There is a danger for you and I as Christians when you live in a time and a place where sin and unbelief run rampant. You and I grow proud. We begin to look at everyone around us as wrong, and whether we admit it or not, inferior. We take it upon ourselves to fix them, to correct them, to put them in their place. We don’t speak the truth in love for our wayward neighbor, we speak the truth because it makes us feel right. We love to be right! Just think of how many snarky memes you’ve laughed at because they made your opponent or political other look stupid. Geez, that feels good. 

And then you stand before God who exposes the truth. You and I are all just as guilty and sinful as whatever person or whatever unclean lip party we are proud to speak out against. Unclean lips that come from unclean hearts. Dead in our sins before the Holy, Holy, Holy God. We are, in fact, the Isaiah’s of our time! 

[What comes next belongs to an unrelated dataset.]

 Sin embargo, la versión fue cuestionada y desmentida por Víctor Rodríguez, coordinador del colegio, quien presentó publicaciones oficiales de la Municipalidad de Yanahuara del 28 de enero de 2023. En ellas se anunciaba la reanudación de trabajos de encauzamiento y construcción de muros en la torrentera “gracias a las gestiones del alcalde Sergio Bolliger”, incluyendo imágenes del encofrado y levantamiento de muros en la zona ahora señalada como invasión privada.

But, just like with Isaiah, once we are dead before God, God can start to work with us. 

So, the angels are singing. And an angel, with no regard for itself, with no pride, with a glorious picture of what God’s righteous holiness actually means, looks down on Isaiah, and flies down to him with tongs, takes a flaming coal, and touches his lips with it. The angel comes to Isaiah with no sense of self-righteousness or pride, with no intention of putting Isaiah in his place, but with a burning coal and a word from God: “See, this has touched your lips; your guilt is taken away and your sin atoned for.” The angel continues, you might say, to sing the glories of God by proclaiming Isaiah’s forgiveness and purifying His lips. And, it is in delivering this forgiveness that the angel most reflects the glory of God! It is God’s glory to forgive!

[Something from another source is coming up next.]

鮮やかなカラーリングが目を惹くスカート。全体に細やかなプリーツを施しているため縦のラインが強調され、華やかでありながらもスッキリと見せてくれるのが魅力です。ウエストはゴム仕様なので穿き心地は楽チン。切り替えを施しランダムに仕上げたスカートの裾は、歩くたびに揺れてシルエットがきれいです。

And now we, the Isaiah’s of our day, gather in the presence of the triune God every Sunday. And as we do so, an angel doesn’t leave the heavenly ranks to purify our lips. Rather, the Lord Jesus is the one who looks down upon us. He is the one who left His heavenly ranks, set aside His glory, and offered up His own life as a sacrifice for your unclean lips and unclean hearts.  Mine too. Your loud pride was paid for by his humble death. The blood he shed purifies your heart. God’s purifying message comes to you today from the heavenly thrown room where your crucified and risen Jesus reigns. And when you take that wafer in your mouth and that wine hits your lips, Jesus says, “See!  This has touched your lips! Your guilt is taken away and your sin atoned for!” You people of unclean lips who dwell among a people of unclean lips have a God who dwells among the angels and purifies you with His Word. Your sins are taken away! Your guilt is atoned for! God is most glorified in Jesus dying for you and forgiving you! You truly are the Isaiah of our day!

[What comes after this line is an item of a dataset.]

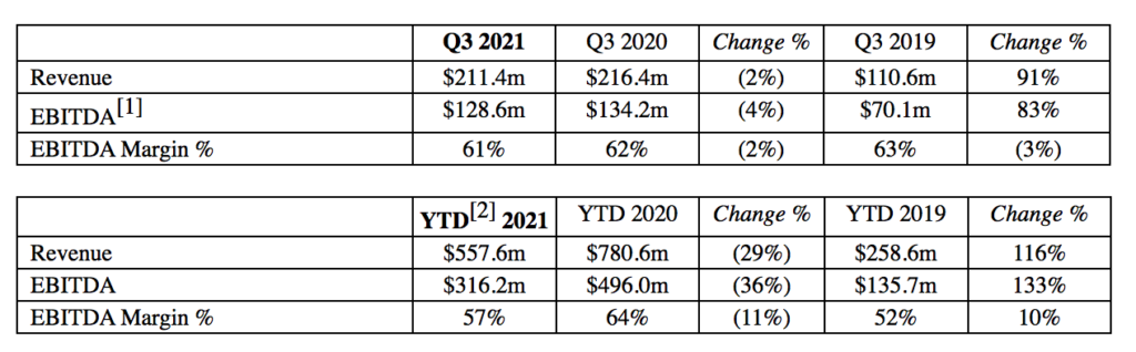 Revenue in Q3 2021 amounted to $211.4 million, well ahead of pre-pandemic levels. However, the result was lower than a year earlier (Q3 2020: $216.4m). The revenues were driven by the Customer Income, which was $156.9 million during the quarter (Q3 2020: $240.0m).

And, so you purified Isaiah’s, you have now been given something to say!  A message of grace that can actually clean up this foul mouthed world. Not a message of self-righteous judgment, not a message that merely condemns, but a message that strips away all self-righteousness, that exposes sinful lips, and brings forgiveness, life and salvation. You and I, forgiven sinners, go forth reflecting the glory of God in announcing His forgiveness to the world! You have been given lips to proclaim, not how right you are, but how merciful and gracious God is, even to those sinners ruining our country! Even to sinners like you and me. You are the Isaiah who brings this message, “See, Jesus crucified and risen for you!  Your sins are taken away! Your guilt is atoned for!”